Would you repeat word for word the lines of the listing that follows, from the one with "Die Synthese der" up to and including the one with "2024年苹果、香蕉全年均价", and leave out the images?
── DATASET EXTRACT ──
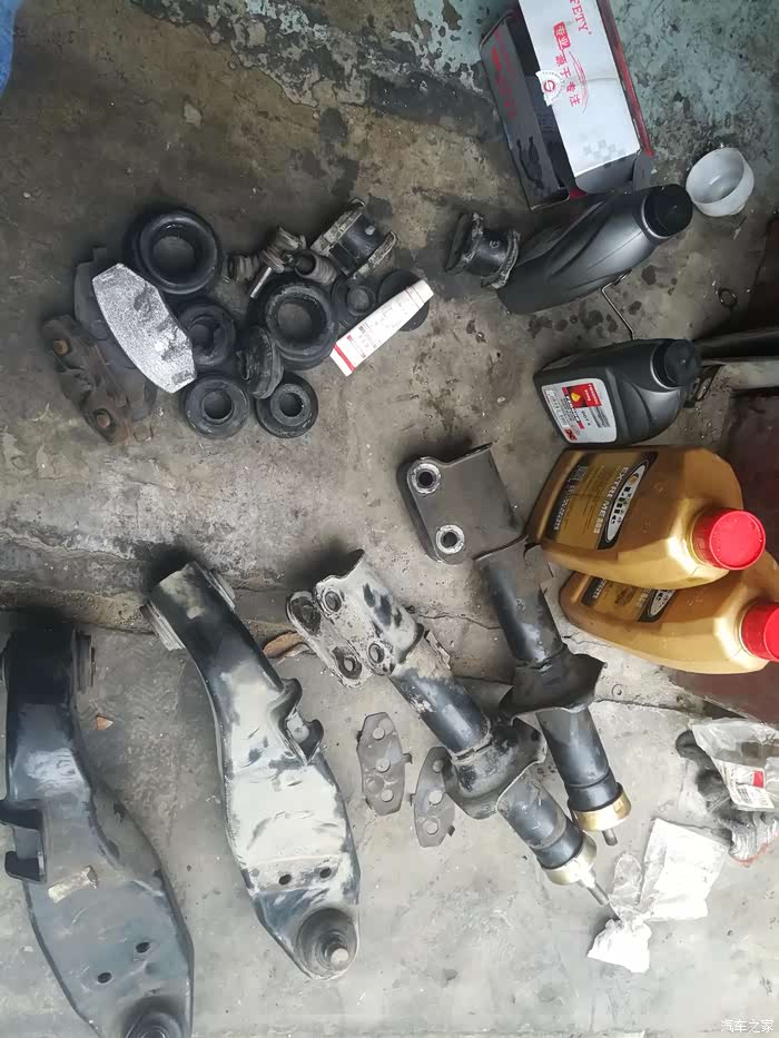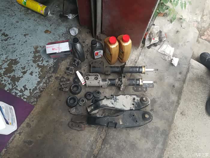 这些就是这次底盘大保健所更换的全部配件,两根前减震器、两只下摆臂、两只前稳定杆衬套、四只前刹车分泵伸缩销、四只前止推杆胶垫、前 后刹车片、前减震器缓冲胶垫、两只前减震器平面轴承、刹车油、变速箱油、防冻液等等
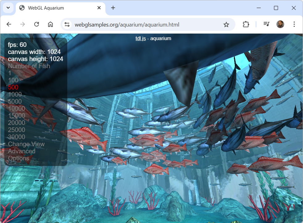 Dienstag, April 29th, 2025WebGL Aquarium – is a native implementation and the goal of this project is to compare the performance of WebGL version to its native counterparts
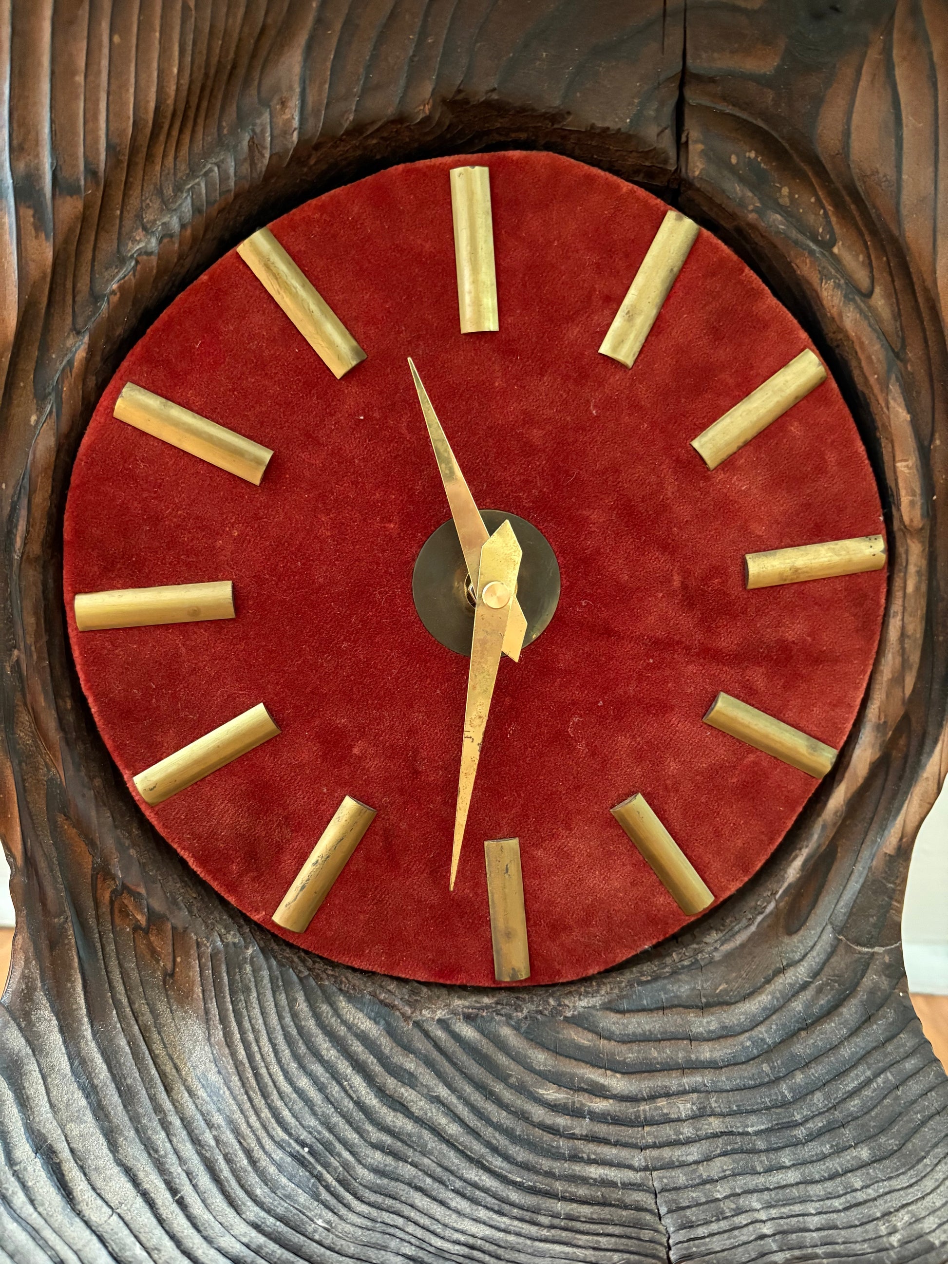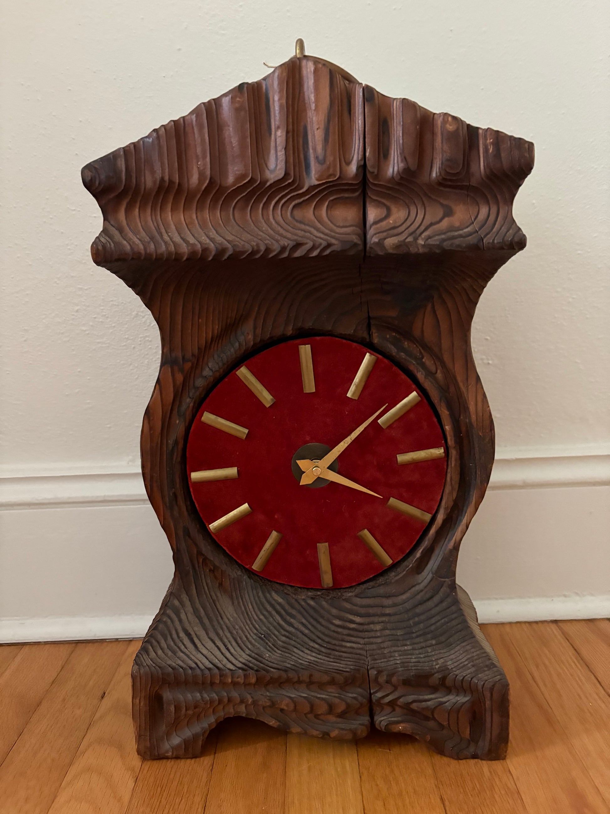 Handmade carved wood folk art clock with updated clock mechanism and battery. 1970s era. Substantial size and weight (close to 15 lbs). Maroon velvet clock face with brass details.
───
── DATASET EXTRACT ──
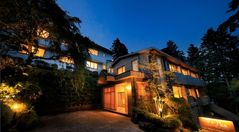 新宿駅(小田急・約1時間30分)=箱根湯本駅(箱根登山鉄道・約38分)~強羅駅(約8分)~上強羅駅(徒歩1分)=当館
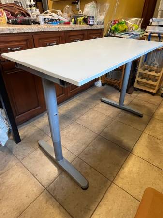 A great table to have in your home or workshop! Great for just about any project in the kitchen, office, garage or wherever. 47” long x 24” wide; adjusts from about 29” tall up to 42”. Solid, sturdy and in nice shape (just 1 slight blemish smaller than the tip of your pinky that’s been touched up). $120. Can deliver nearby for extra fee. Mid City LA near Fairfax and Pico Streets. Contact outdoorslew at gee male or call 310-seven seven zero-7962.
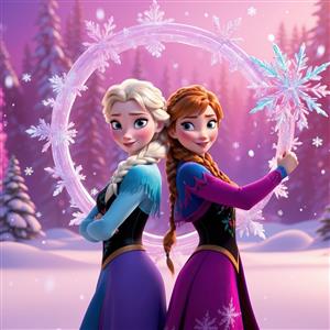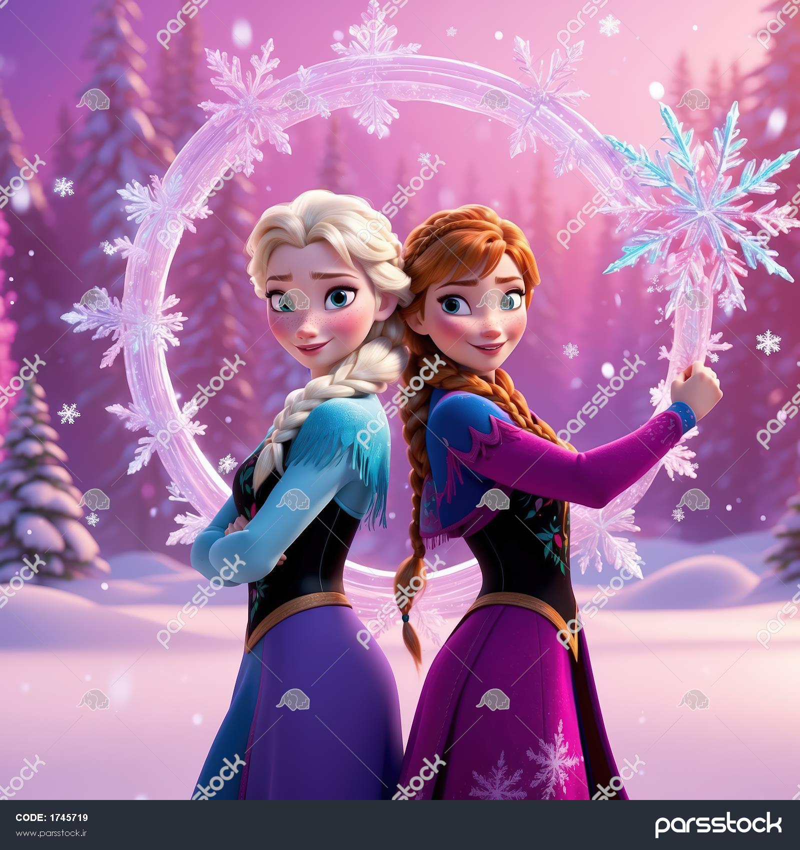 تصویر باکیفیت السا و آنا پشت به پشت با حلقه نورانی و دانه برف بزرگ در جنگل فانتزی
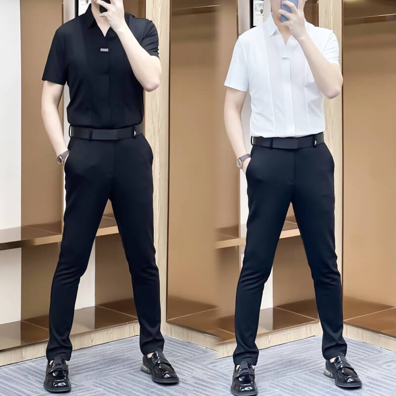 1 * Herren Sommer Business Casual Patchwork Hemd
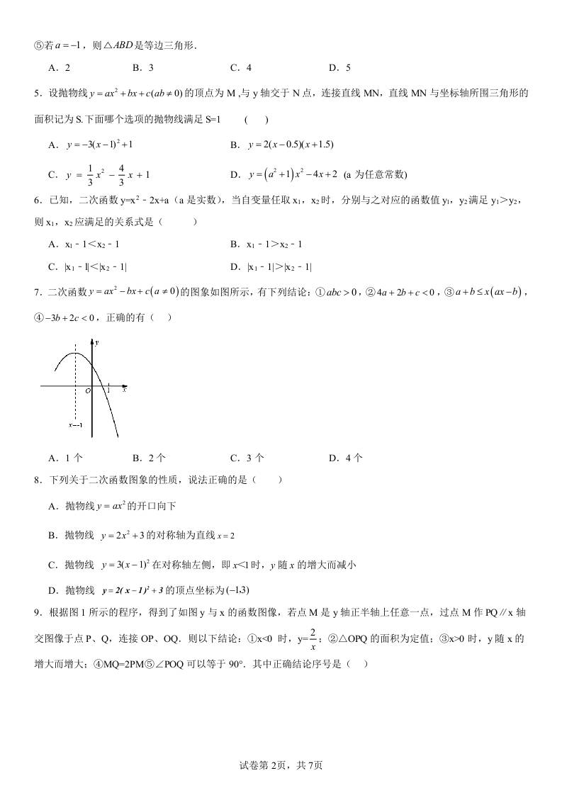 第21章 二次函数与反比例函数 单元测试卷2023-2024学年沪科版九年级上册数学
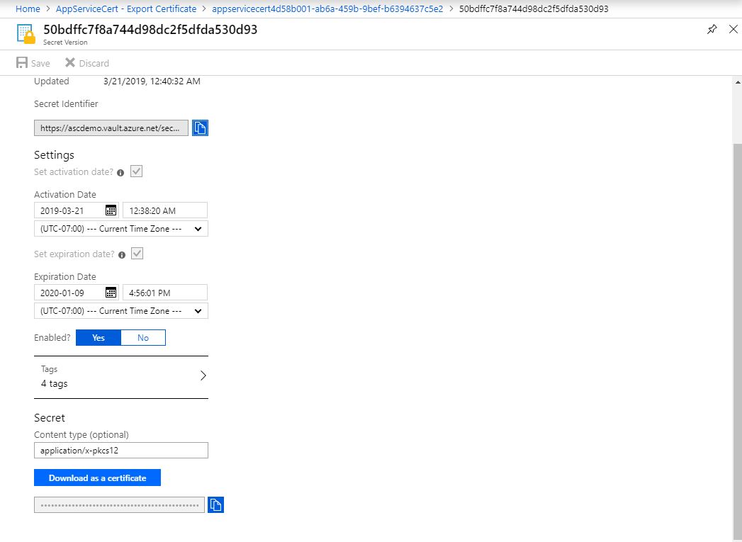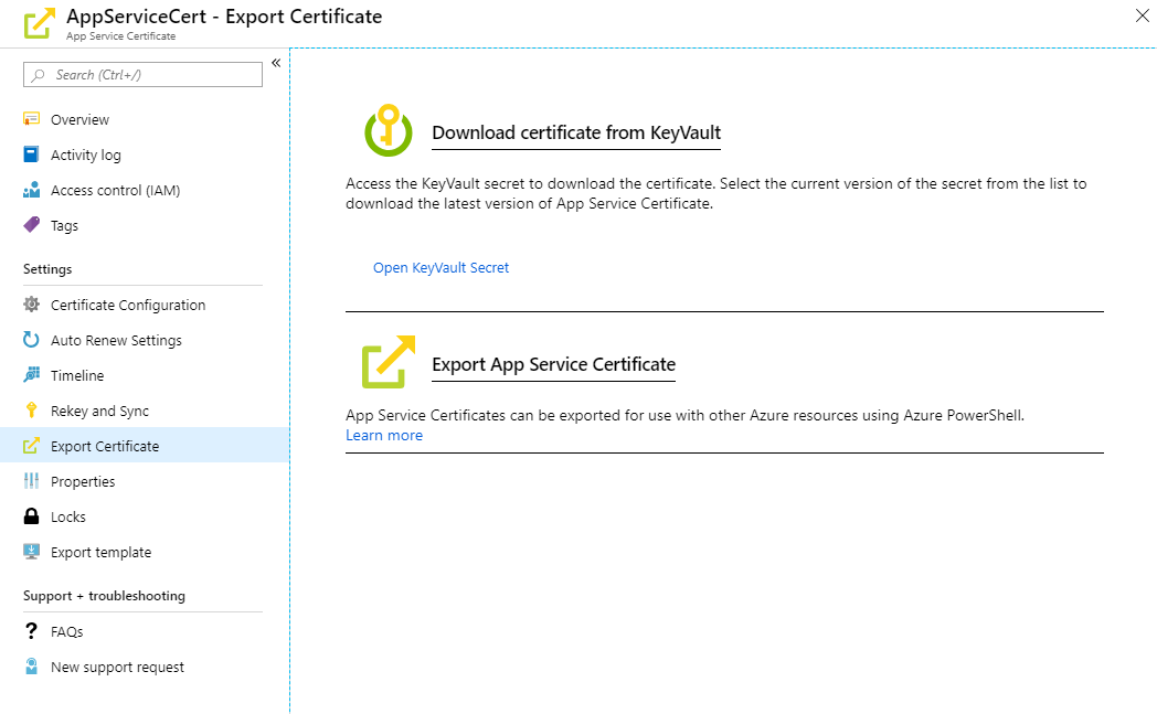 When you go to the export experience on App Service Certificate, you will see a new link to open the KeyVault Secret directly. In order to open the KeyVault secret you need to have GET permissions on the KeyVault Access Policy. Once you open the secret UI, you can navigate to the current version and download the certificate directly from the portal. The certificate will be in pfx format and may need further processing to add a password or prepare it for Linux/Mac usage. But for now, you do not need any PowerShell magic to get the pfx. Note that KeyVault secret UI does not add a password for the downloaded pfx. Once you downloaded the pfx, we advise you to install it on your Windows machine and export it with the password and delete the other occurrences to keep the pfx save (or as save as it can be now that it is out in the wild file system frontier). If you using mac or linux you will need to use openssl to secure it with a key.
───
── DATASET EXTRACT ──
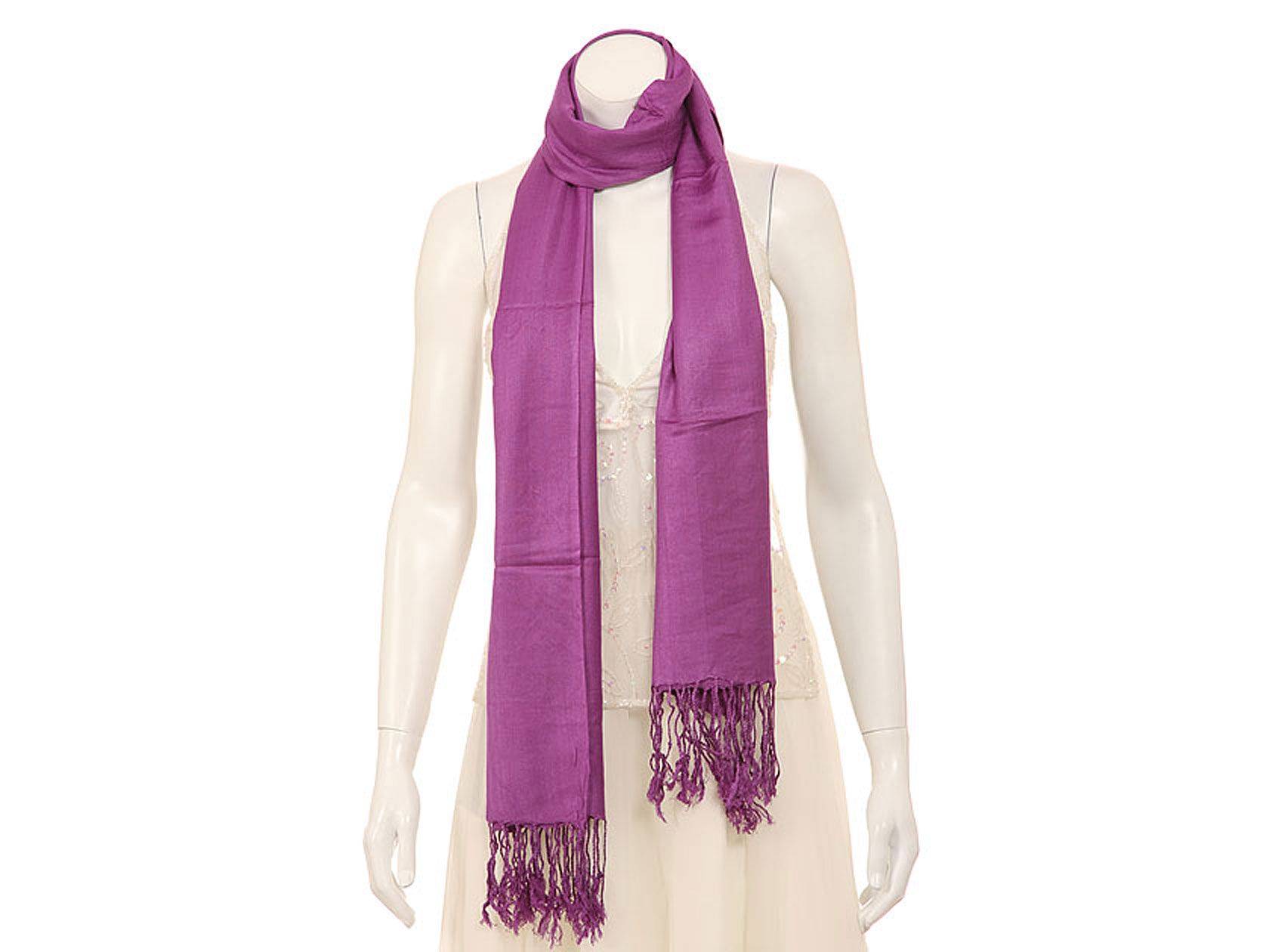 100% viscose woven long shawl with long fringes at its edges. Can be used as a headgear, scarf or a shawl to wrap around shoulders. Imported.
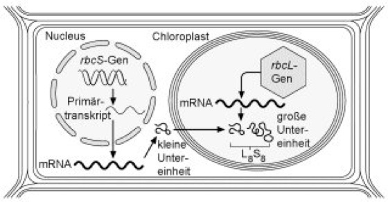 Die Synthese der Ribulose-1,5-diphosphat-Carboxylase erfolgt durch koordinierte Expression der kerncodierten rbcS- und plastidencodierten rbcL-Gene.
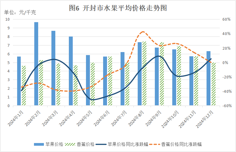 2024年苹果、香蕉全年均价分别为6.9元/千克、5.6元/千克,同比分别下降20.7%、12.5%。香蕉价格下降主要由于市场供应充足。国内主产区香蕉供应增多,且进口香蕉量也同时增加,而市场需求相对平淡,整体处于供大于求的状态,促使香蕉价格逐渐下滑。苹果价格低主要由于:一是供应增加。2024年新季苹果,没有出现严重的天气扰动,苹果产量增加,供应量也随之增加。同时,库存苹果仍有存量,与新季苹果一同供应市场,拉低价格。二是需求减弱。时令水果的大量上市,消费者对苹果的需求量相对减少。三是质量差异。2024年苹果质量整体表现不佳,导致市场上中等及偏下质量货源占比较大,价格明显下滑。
───
SOLUTION TO THIS TASK:
 Die Synthese der Ribulose-1,5-diphosphat-Carboxylase erfolgt durch koordinierte Expression der kerncodierten rbcS- und plastidencodierten rbcL-Gene.
 2024年苹果、香蕉全年均价分别为6.9元/千克、5.6元/千克,同比分别下降20.7%、12.5%。香蕉价格下降主要由于市场供应充足。国内主产区香蕉供应增多,且进口香蕉量也同时增加,而市场需求相对平淡,整体处于供大于求的状态,促使香蕉价格逐渐下滑。苹果价格低主要由于:一是供应增加。2024年新季苹果,没有出现严重的天气扰动,苹果产量增加,供应量也随之增加。同时,库存苹果仍有存量,与新季苹果一同供应市场,拉低价格。二是需求减弱。时令水果的大量上市,消费者对苹果的需求量相对减少。三是质量差异。2024年苹果质量整体表现不佳,导致市场上中等及偏下质量货源占比较大,价格明显下滑。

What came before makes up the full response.